### Provided data
::::::::
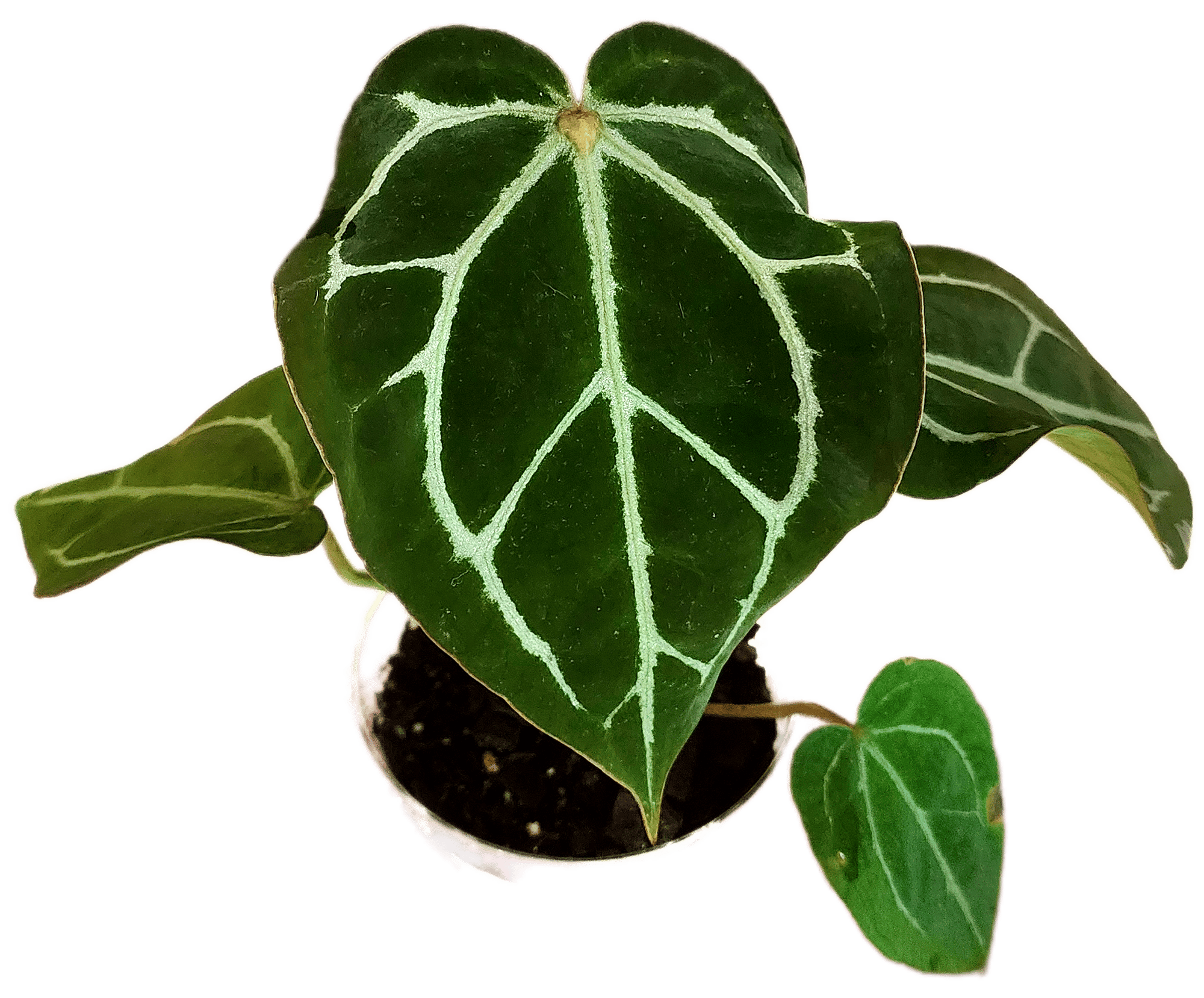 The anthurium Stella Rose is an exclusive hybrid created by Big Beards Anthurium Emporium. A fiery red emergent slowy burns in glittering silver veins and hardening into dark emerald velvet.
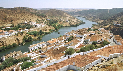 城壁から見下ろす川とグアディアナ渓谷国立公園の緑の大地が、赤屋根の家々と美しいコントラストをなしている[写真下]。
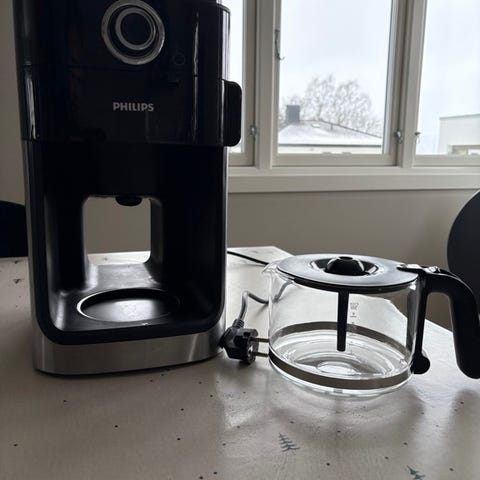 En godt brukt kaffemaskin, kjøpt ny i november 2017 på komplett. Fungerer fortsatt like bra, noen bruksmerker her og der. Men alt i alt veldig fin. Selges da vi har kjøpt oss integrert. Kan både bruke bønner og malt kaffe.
::::::::
### Exercise description
Repeat the whole listing above word for word. Leave out the pictures.

### Written solution
 The anthurium Stella Rose is an exclusive hybrid created by Big Beards Anthurium Emporium. A fiery red emergent slowy burns in glittering silver veins and hardening into dark emerald velvet.
 城壁から見下ろす川とグアディアナ渓谷国立公園の緑の大地が、赤屋根の家々と美しいコントラストをなしている[写真下]。
 En godt brukt kaffemaskin, kjøpt ny i november 2017 på komplett. Fungerer fortsatt like bra, noen bruksmerker her og der. Men alt i alt veldig fin. Selges da vi har kjøpt oss integrert. Kan både bruke bønner og malt kaffe.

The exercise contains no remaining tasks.